Cellular heterogeneity in the human brain obscures the identification of robust cellular regulatory networks, which is necessary to understand the function of non-coding elements and the impact of non-coding genetic variation. Here we integrate genome-wide chromosome conformation data from purified neurons and glia with transcriptomic and enhancer profiles, to characterize the gene regulatory landscape of two major cell classes in the human brain. We then leverage cell-type-specific regulatory landscapes to gain insight into the cellular etiology of several brain disorders. We find that Alzheimer's disease (AD)-associated epigenetic dysregulation is linked to neurons and oligodendrocytes, whereas genetic risk factors for AD highlighted microglia, suggesting that different cell types may contribute to disease risk, via different mechanisms.
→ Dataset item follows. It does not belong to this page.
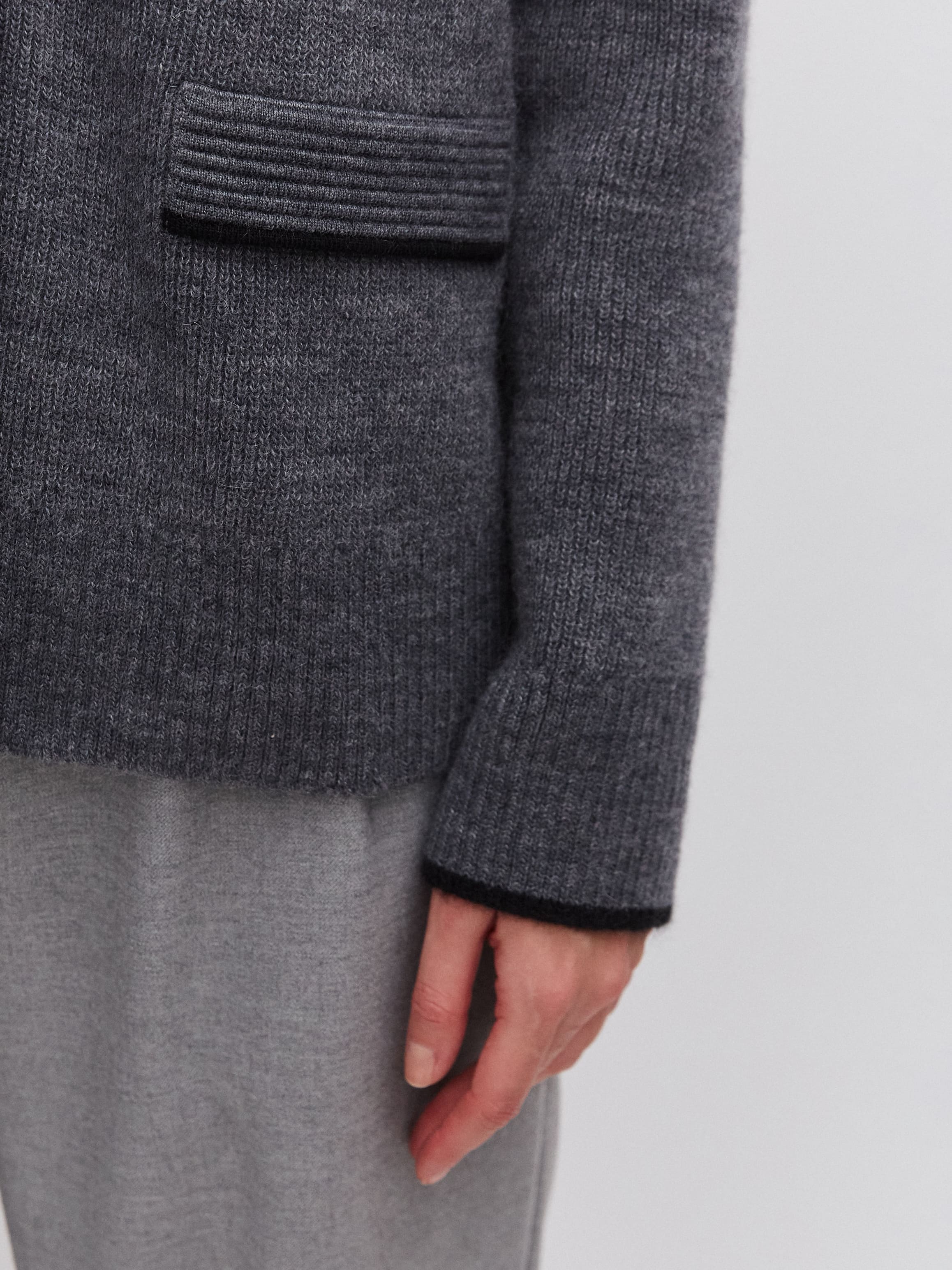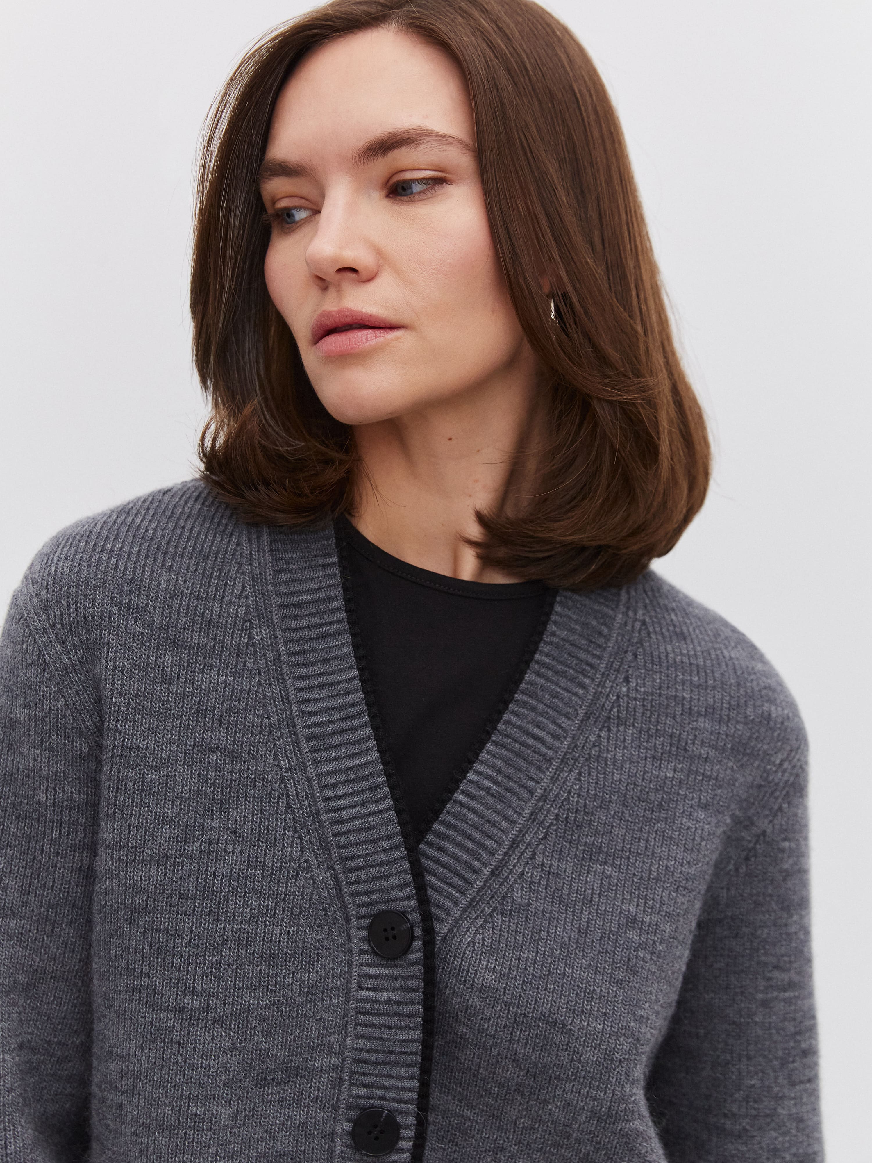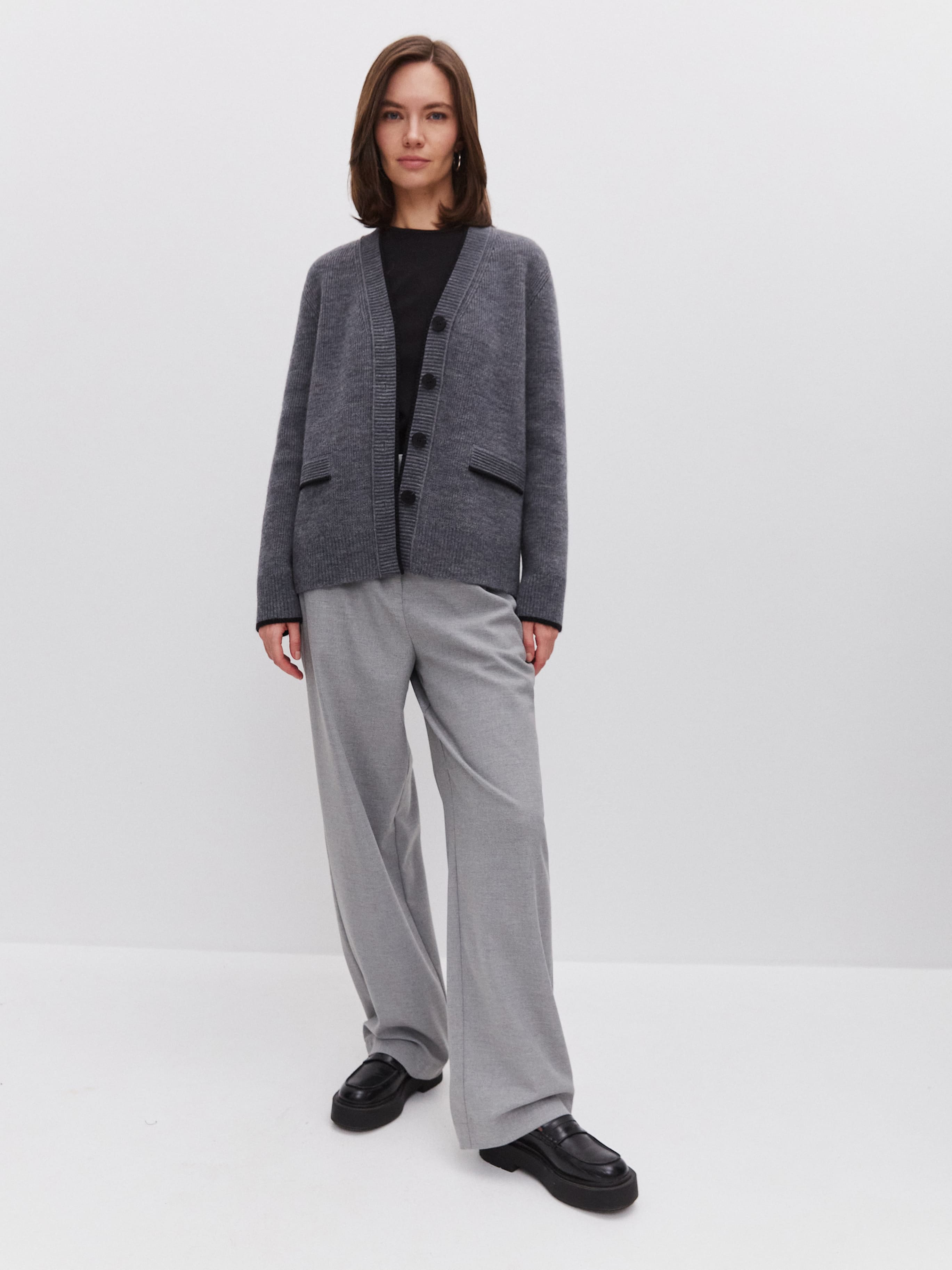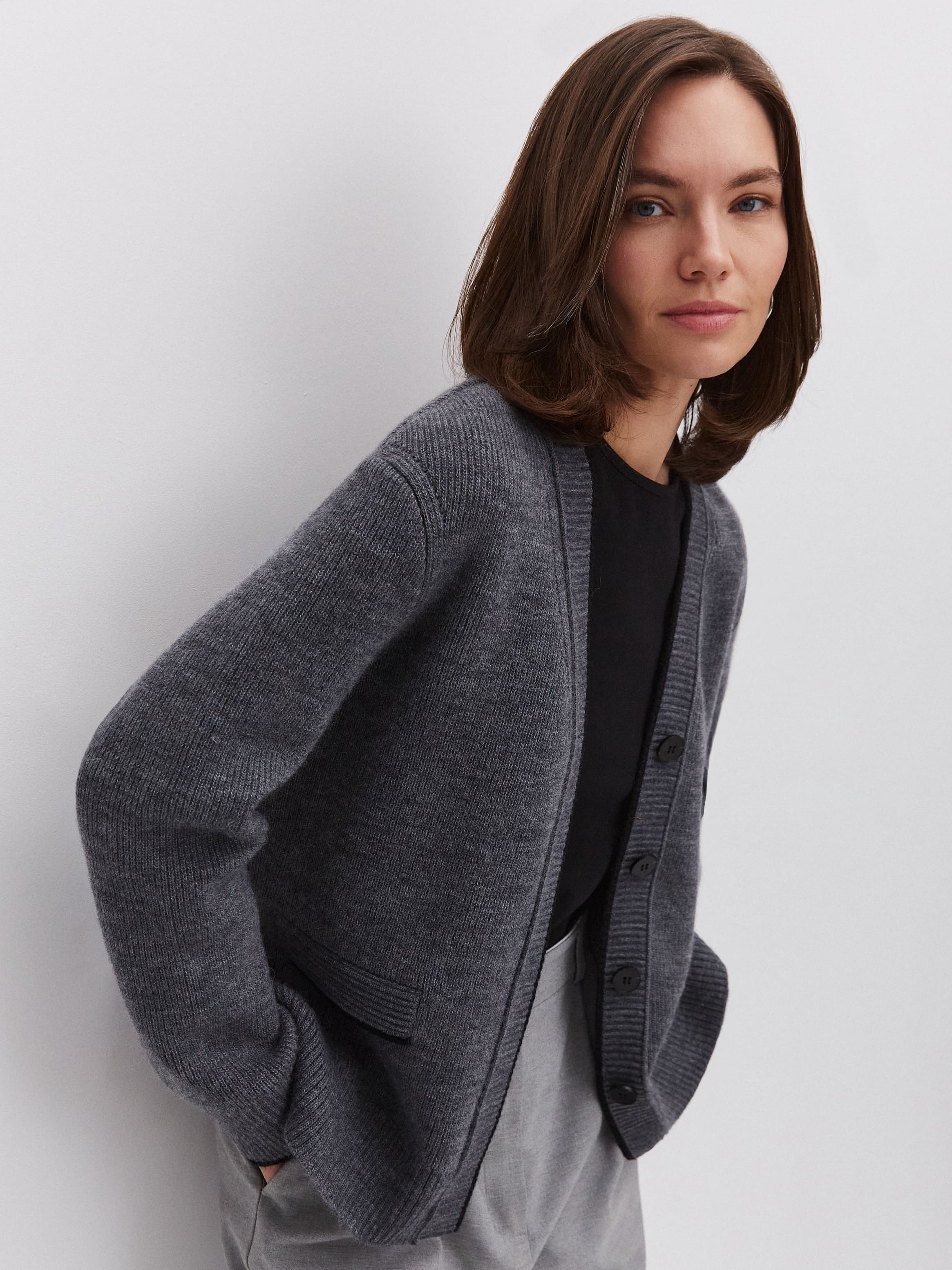 Лаконичный мягкий кардиган с отделкой – это уютно, тепло и нескучно! Текстурированные планка и клапаны с контрастным кантом придают образу приятную собранность. По низу и манжетам полотно укреплено широкой вязаной резинкой. Состав: премиальная мериносовая шерсть + натуральный мохер, создающий легкий пушистый ореол на поверхности изделия. Способность кардигана поддерживать комфортную температуру в помещении и вне его протестирована на практике. Поэтому уверенно сообщаем: теперь можно не отказываться от прогулок и шопинга в любую погоду.

Moreover, integration of glutamatergic and GABAergic regulatory maps with genetic risk factors for schizophrenia (SCZ) and bipolar disorder (BD) identifies shared (parvalbumin-expressing interneurons) and distinct cellular etiologies (upper layer neurons for BD, and deeper layer projection neurons for SCZ). Collectively, these findings shed new light on cell-type-specific gene regulatory networks in brain disorders.